[Extracted data entries]

━━━━━━━━━━━━━━━━━━━━━━━━━━━━━━

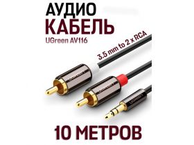 Кабель UGreen AV116 3.5 mm to 2 x RCA Audio Cable (10 метров) 10584, чёрный 103656431173
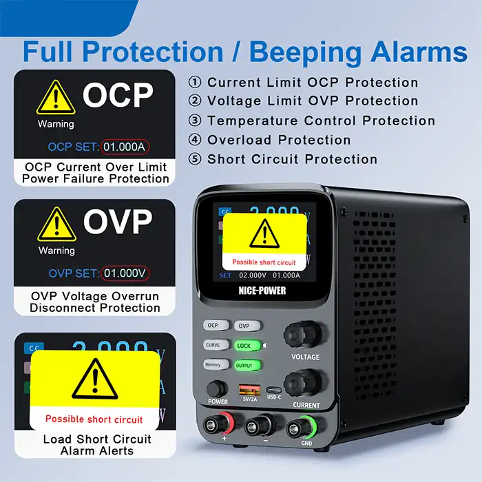 NICE POWER SPPS-K305 مجهز به نمایشگر دیجیتال پنج رقمی، چهار حافظه برای ذخیره تنظیمات پرکاربرد، حالت شبیه‌سازی باتری، و انواع سیستم‌های حفاظتی از جمله حفاظت در برابر اتصال کوتاه (Short Circuit)، افزایش دما (Over Temp)، اضافه بار (Overload)، و جریان و ولتاژ بیش از حد (OCP/OVP) است.
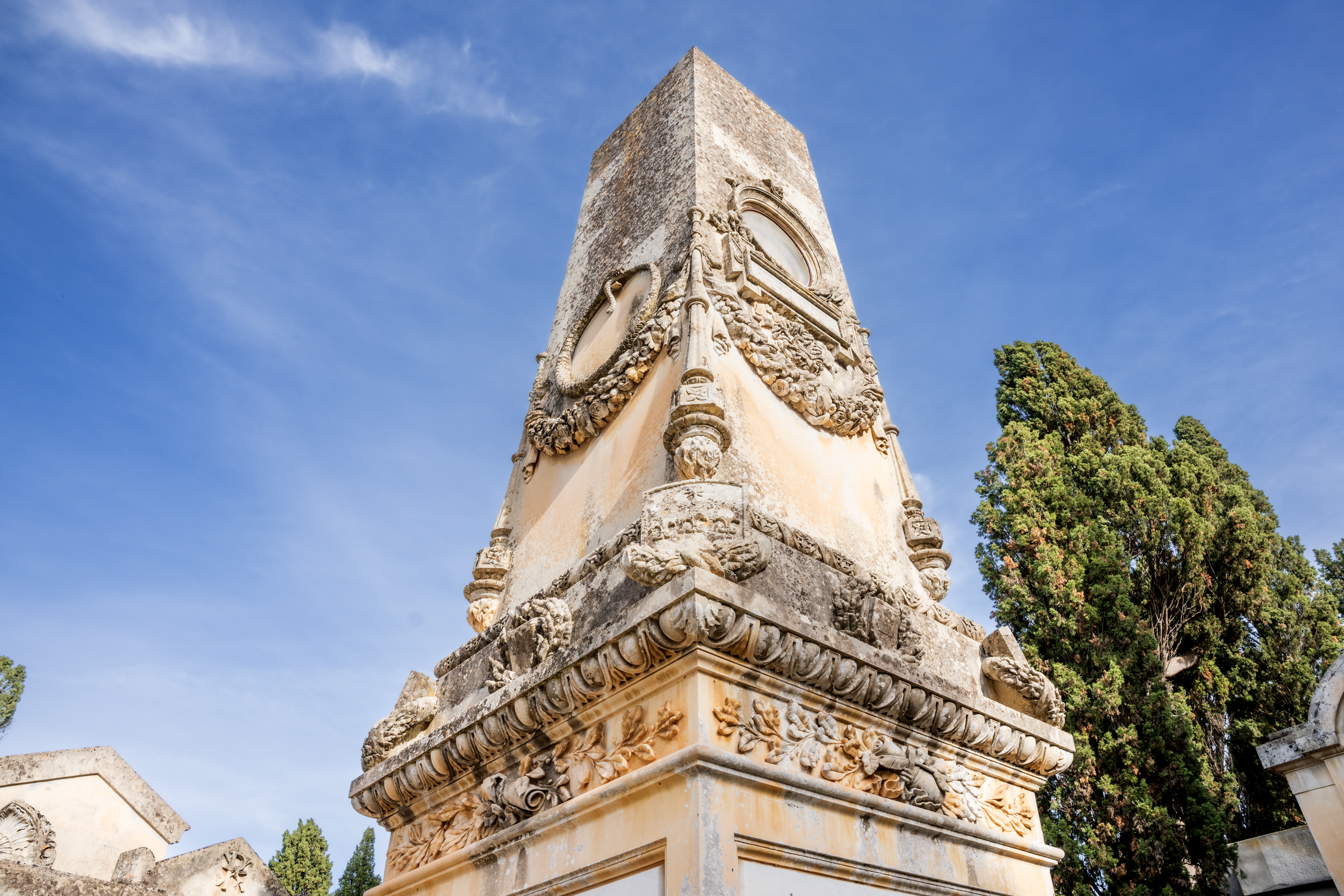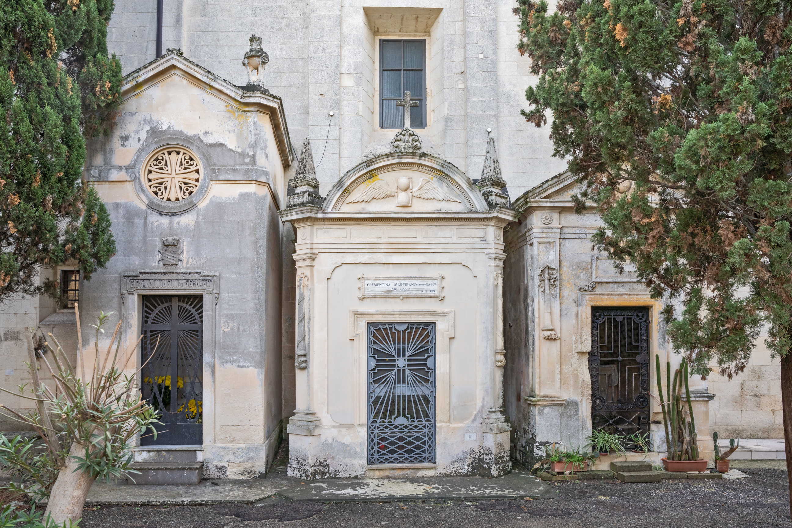 Il Cimitero Monumentale di Lecce, ultimato nel 1845, si struttura come una città nella città, abbellito da vetrate policrome, statue e rilievi in pietra locale e non, architetture orientaleggianti come obelischi, mastaba e piramidi, piccoli “templi” dai profili egiziani e ridotte cappelle romaniche che si mescolano a strutture dal gusto barocco e neoclassico. L’ingresso monumentale del cimitero è collegato alla piazza antistante alla chiesa dei Santi Niccolò e Cataldo da un lungo viale, detto “dei cipressi” perché ornato su ambo i lati da questi mastodontici alberi secolari, che giunge fino alle arcate che anticipano la piazza su cui affaccia la chiesa, oggi ammodernata con la statua dedicata a celebrare i caduti in guerra. Da questa piazza rettangolare si accede al “Giardino funebre” che nel 1897 contava già 600 tombe e costituisce il nucleo più antico del cimitero. L’edificio più antico del complesso cimiteriale resta, però, la chiesa dei Santi Niccolò e Cataldo, eretta nel 1180 per volere di Tancredi d’Altavilla come suo luogo di sepoltura, assieme all’attiguo monastero, non connesso direttamente all’area cimiteriale, dove inizialmente si stabilirono i monaci benedettini e dal 1497 i frati olivetani, che operarono in città fino alla soppressione dell’ordine in Italia meridionale del 1807. Alla sinistra della facciata della chiesa è posto dunque l’ingresso al “Giardino funebre” che si sviluppa entro un’area rettangolare, con vialetti dalle forme irregolari e di diverse dimensioni, dove le tombe si susseguono con le loro peculiarità più disparate e non tutte in buono stato conservativo. Mausolei e cappelle fuori terra creano una maglia irregolare e tortuosa, intervallati solo dal verde di cipressi, oleandri, palme, eucalipti, abeti e vari arbustelli. Si notano anche cappelle in stile neogotico e neoromanico, spesso arricchite da archi decorati con moduli geometrici, colonne tortili, guglie e pinnacoli, sculture dei dolenti e rosoni traforati. Nelle opere neoromaniche qualche capitello ricorda quelli della vicina chiesa dei Santi Niccolò e Cataldo, romanica di fondazione, ma si mostrano in tutta la loro bellezza anche le cappellette dalle facciate policrome, dai colori caldi e quasi surreali. I materiali più utilizzati sono marmi, spesso locali, pietra leccese e carparo, e il ferro battuto secondo le modalità della tradizione locale. Nella zona antica del cimitero si trovano tombe di uomini illustri, come quelle del tenore Tito Schipa, “l’usignolo” di Lecce, del poeta Vittorio Bodini e del matematico Ennio De Giorgi. Oltre al “Giardino funebre”, il cimitero di Lecce comprende altre due zone, “Il Campo Santo” e “Il Campo di pietà o dei poveri”. Le distinzioni sociali continuavano anche oltre la vita, così i templi gentilizi della parte monumentale diventavano le degne case eterne di chi in vita aveva abitato grandi e fastosi palazzi del centro, mentre le “colombaie” delle Confraternite, come venivano chiamate le cappelle pluripiano, erano poste nel “Campo Santo” per accogliere il ceto medio, riproponendo i palazzoni della periferia. Infine, il “Campo di Pietà” era costituito da sepolture a terra, non meno sacrali, dimore dei meno abbienti
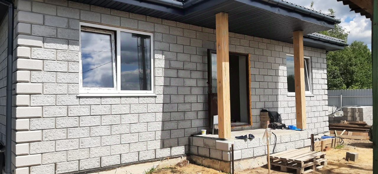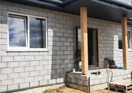 Дом построен из газосиликатных блоков D600. В доме 3 изолированные комнаты, санузел с бойлерной, коридор. Отдельный вход со стороны калитки и с другой стороны расположено крытое крыльцо.
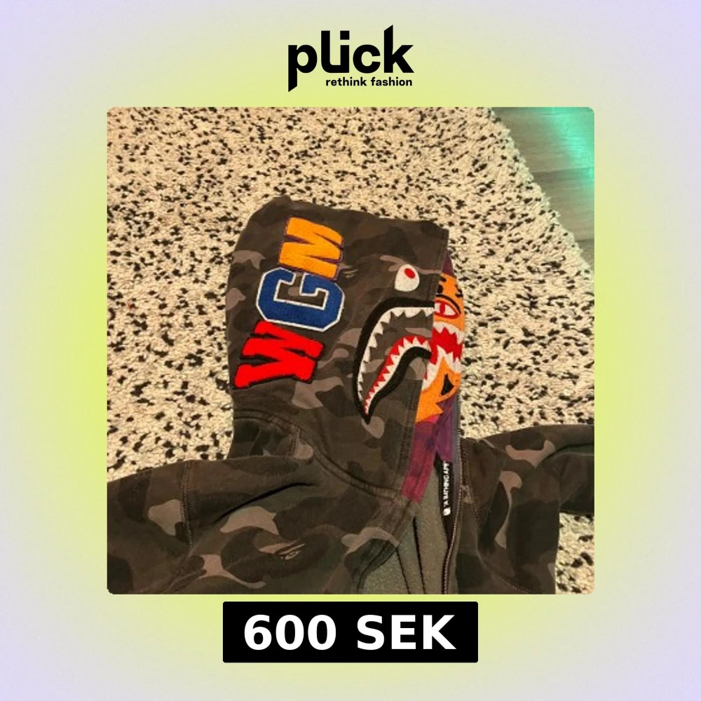 Säljer en cool camouflage hoodie från A Bathing Ape med ett hajmotiv på huvan. 💕Hoodien har en dragkedja framtill och färgglada detaljer i lila och orange. Perfekt för dig som vill sticka ut! Den är bra skick storlek L bara fråga om fler bilder eller frågor så svarar jag💕köpte den från min kusin först för 900 eller vad det va💕

━━━━━━━━━━━━━━━━━━━━━━━━━━━━━━

What you are asked to do =>
The answer must consist solely of the lines from the first line of the records through the line containing "NICE POWER SPPS-K305", reproduced exactly and without the pictures.

Exercise output =>
 Кабель UGreen AV116 3.5 mm to 2 x RCA Audio Cable (10 метров) 10584, чёрный 103656431173
 NICE POWER SPPS-K305 مجهز به نمایشگر دیجیتال پنج رقمی، چهار حافظه برای ذخیره تنظیمات پرکاربرد، حالت شبیه‌سازی باتری، و انواع سیستم‌های حفاظتی از جمله حفاظت در برابر اتصال کوتاه (Short Circuit)، افزایش دما (Over Temp)، اضافه بار (Overload)، و جریان و ولتاژ بیش از حد (OCP/OVP) است.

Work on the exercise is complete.